2016-11-17 13:48 GMT+01:00 Paris Carbone <par...@kth.se>:

> We do not have to schedule this for an early Flink release, just saying.
> I would just like to get the changes out and you people can review it and
> integrate it anytime at your own pace.
>
> Who is the admin of the wiki? It would be nice to get write access.
>
> > On 17 Nov 2016, at 13:45, Paris Carbone <par...@kth.se> wrote:
> >
> > Sounds like a plan!
> >
> > Can someone grant me access to write in the wiki please?
> > My username is “senorcarbone”.
> >
> > Paris
> >
> >> On 16 Nov 2016, at 14:30, Gyula Fóra <gyula.f...@gmail.com> wrote:
> >>
> >> I am not completely sure whether we should deprecate the old API for
> 1.2 or
> >> remove it completely. Personally I am in favor of removing it, I don't
> >> think it is a huge burden to move to the new one if it makes for a much
> >> nicer user experience.
> >>
> >> I think you can go ahead add the FLIP to the wiki and open the PR so we
> can
> >> start the review if you have it ready anyways.
> >>
> >> Gyula
> >>
> >> Paris Carbone <par...@kth.se> ezt írta (időpont: 2016. nov. 16., Sze,
> >> 11:55):
> >>
> >>> Thanks for reviewing, Gyula.
> >>>
> >>> One thing that is still up to discussion is whether we should remove
> >>> completely the old iterations API or simply mark it as deprecated till
> v2.0.
> >>> Also, not sure what is the best process now. We have the changes ready.
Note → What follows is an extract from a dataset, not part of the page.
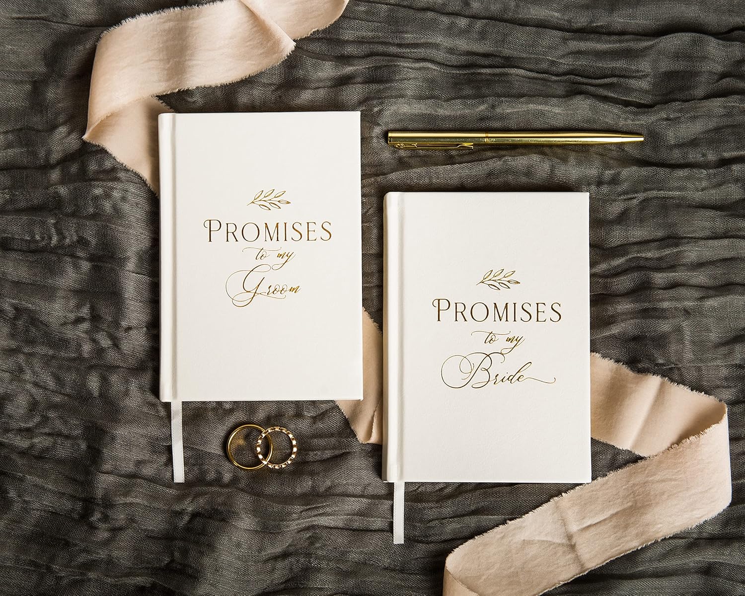 • A set of two hardcover vow books made of quality PU leather with a gold foil embossed design "Promises To My Groom" and "Promises to My Bride". Each notebook has a dimension of 5.75 x 4 x 0.5 inches and contains 80 lined pages with gold gilding on the edges.

> >>> Should I copy the FLIP to the wiki and trigger the PRs or wait for a
> few
> >>> more days in case someone has objections?
> >>>
> >>> @Stephan, what is your take on our interpretation of the approach you
> >>> suggested? Should we proceed or is there anything that you do not find
> nice?
> >>>
> >>> Paris
> >>>
> >>>> On 15 Nov 2016, at 10:01, Gyula Fóra <gyf...@apache.org> wrote:
> >>>>
> >>>> Hi Paris,
> >>>>
> >>>> I like the proposed changes to the iteration API, this cleans up
> things
> >>> in
> >>>> the Java API without any strict restriction I think (it was never a
> >>> problem
> >>>> in the Scala API).
> >>>>
> >>>> The termination algorithm based on the proposed scoped loops seems to
> be
> >>>> fairly simple and looks good :)
> >>>>
> >>>> Cheers,
> >>>> Gyula
> >>>>
> >>>> Paris Carbone <par...@kth.se> ezt írta (időpont: 2016. nov. 14., H,
> >>> 8:50):
> >>>>
> >>>>> That would be great Shi! Let's take that offline.
> >>>>>
> >>>>> Anyone else interested in the iteration changes? It would be nice to
> >>>>> incorporate these to v1.2 if possible so I count on your review asap.
> >>>>>
> >>>>> cheers,
> >>>>> Paris
> >>>>>
> >>>>> On Nov 14, 2016, at 2:59 AM, xiaogang.sxg <
> xiaogang....@alibaba-inc.com
> >>>>> <mailto:xiaogang....@alibaba-inc.com>> wrote:
> >>>>>
> >>>>> Hi Paris
> >>>>>
> >>>>> Unfortunately, the project is not public yet.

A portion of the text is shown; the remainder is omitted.